The GBP/JPY cross might then accelerate the downfall towards challenging the key 150.00 psychological mark. The momentum could further get extended towards the next relevant support near the 149.70-65 horizontal zone.
On the flip side, the mentioned confluence support breakpoint now seems to act as immediate strong resistance. This is closely followed by the recent daily closing highs near the 150.70-80 region. A sustained move beyond will negate any near-term bearish bias and set the stage for an extension of the recent strong upward trajectory.
5) USD/JPY Consolidates Above 109.00 Mark, US Retail Sales Eyed For Fresh Impetus
The USD/JPY pair consolidated its recent strong gains to multi-month tops and remained confined in a range, comfortably above the 109.00 mark through the first half of the European session.
Following the recent strong positive move of around 450 pips, investors now seemed to have moved on the sidelines and await fresh catalysts from this week’s key central bank events. The Fed will announce its policy decision on Wednesday and the BoJ is scheduled to meet on Friday.

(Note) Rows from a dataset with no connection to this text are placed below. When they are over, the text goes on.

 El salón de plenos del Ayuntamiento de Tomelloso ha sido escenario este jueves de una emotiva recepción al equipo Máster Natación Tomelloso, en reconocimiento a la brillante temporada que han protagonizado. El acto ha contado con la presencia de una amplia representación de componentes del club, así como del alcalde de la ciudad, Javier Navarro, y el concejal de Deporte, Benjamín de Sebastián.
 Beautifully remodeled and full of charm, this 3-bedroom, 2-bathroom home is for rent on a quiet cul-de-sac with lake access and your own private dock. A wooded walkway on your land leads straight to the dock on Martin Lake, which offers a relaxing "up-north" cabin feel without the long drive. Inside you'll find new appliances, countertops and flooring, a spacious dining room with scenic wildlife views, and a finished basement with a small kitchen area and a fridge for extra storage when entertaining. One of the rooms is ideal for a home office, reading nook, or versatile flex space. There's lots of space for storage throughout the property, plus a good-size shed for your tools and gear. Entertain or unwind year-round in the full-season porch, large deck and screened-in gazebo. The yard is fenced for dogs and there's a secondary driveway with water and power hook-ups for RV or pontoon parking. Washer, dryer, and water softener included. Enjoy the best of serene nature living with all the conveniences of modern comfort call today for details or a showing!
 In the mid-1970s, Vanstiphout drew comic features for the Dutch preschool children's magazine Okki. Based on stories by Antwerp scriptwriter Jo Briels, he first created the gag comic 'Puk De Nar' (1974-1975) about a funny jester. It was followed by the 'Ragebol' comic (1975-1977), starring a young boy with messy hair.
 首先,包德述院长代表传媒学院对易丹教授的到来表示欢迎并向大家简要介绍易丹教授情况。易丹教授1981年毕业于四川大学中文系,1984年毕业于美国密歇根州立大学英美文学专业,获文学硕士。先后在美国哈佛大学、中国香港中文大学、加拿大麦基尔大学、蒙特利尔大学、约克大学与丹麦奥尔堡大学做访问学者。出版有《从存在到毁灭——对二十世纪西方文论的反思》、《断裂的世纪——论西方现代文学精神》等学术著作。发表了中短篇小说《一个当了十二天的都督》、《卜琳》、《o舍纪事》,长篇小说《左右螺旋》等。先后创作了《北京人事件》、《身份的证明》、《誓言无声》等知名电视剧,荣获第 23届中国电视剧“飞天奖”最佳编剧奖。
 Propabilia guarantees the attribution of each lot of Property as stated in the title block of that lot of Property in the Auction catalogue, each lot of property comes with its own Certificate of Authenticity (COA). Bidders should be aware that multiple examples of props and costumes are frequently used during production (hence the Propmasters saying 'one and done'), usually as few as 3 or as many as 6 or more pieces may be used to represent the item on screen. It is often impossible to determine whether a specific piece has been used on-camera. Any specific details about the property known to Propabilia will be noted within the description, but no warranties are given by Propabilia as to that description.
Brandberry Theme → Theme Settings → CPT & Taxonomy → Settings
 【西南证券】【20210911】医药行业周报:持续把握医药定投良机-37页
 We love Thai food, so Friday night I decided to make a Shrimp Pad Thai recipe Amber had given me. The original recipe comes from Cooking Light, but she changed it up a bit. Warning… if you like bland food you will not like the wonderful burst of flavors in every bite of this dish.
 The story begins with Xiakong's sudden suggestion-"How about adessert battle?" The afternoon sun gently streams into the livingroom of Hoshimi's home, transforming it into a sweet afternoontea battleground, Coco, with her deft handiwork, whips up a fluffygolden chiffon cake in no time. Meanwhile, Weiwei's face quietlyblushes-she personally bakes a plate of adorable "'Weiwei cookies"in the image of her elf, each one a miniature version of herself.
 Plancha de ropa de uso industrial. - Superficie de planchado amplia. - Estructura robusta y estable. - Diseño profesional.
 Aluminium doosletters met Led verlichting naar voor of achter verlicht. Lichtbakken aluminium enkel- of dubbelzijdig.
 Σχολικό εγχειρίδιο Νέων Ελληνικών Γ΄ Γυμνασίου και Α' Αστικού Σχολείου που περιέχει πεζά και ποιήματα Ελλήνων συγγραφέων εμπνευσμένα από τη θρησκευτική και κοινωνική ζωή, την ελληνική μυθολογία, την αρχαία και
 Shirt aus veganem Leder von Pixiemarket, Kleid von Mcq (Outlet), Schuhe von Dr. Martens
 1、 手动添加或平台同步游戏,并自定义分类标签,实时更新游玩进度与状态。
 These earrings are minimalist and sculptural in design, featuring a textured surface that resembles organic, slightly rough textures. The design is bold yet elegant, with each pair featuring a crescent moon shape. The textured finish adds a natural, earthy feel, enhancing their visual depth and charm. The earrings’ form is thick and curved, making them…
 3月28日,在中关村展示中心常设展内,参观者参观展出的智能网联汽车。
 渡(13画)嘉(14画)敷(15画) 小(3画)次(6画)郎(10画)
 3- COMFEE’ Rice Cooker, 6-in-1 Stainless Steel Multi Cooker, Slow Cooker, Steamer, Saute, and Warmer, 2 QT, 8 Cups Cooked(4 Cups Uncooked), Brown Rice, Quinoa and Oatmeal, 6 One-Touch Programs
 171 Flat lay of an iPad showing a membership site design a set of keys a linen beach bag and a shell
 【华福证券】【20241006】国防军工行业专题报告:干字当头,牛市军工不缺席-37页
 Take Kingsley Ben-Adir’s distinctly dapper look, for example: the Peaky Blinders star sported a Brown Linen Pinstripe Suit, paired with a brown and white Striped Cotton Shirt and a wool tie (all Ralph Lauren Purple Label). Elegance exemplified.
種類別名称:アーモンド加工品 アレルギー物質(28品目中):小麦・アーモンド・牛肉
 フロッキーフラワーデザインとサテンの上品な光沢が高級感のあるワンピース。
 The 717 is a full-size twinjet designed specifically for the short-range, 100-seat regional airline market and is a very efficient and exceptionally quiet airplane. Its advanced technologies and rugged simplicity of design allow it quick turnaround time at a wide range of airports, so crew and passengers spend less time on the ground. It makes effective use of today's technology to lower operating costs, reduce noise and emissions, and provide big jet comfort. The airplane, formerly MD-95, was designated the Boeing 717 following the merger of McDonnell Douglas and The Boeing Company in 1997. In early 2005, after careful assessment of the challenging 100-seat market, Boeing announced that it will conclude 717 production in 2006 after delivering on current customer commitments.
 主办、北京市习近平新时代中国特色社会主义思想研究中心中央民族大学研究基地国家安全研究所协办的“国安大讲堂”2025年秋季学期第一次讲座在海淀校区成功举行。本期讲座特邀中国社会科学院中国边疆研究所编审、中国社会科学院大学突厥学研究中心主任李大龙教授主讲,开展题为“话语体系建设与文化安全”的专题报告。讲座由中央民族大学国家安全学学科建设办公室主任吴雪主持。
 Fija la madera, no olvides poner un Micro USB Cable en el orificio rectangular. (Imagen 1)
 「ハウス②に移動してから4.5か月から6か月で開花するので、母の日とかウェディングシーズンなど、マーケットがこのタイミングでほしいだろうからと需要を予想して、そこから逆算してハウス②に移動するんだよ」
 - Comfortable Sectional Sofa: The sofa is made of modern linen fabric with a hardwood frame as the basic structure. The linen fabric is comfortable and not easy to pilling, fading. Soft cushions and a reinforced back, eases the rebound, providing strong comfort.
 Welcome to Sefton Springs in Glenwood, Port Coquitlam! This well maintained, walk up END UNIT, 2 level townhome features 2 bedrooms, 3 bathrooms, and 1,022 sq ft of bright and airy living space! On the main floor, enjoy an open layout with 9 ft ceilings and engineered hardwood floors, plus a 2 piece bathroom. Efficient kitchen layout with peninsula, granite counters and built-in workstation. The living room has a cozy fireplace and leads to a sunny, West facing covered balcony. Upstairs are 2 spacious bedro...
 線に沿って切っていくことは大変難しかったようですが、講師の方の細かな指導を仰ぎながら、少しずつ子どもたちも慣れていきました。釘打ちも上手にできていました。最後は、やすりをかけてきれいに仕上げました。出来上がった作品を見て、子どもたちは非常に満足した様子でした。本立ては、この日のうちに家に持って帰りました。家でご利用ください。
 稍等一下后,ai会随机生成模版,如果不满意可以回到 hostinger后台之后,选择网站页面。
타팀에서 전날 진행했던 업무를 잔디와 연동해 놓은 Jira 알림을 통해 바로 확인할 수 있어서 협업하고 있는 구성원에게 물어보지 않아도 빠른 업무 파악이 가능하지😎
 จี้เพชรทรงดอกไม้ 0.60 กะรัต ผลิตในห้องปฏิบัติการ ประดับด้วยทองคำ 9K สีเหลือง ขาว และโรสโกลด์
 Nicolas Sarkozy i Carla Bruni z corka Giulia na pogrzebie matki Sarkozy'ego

In the meantime, a combination of diverging factors failed to provide any meaningful impetus and led to a subdued/range-bound price action on Tuesday. The prevalent cautious mood extended some support to the Japanese yen and kept a lid on any meaningful upside for the USD/JPY pair.
The suspension of the Oxford/AstraZeneca coronavirus vaccine in several European nations acted as a headwind for perceived riskier assets. Spain, Germany, France, and Italy temporarily halted the rollout of the COVID-19 vaccine on the back of reports of possible serious side effects.
On the other hand, the prospects for a relatively faster US economic recovery from the pandemic continued underpinning the US dollar and helped limit the downside for the USD/JPY pair. The upbeat US economic outlook was further bolstered by the passage of a massive stimulus package.
Meanwhile, the reflation trade has been fueling speculation about an uptick in US inflation and raised doubts that the Fed would retain ultra-low interest rates for a longer period. Hence, the outcome of a two-day FOMC meeting will help determine the USD/JPY pair’s near-term trajectory.
Traders now look forward to the release of the US monthly Retail Sales data. Apart from this, the US bond yields will influence the USD price dynamics. This, along with the broader market risk sentiment, might produce some short-term trading opportunities around the USD/JPY pair.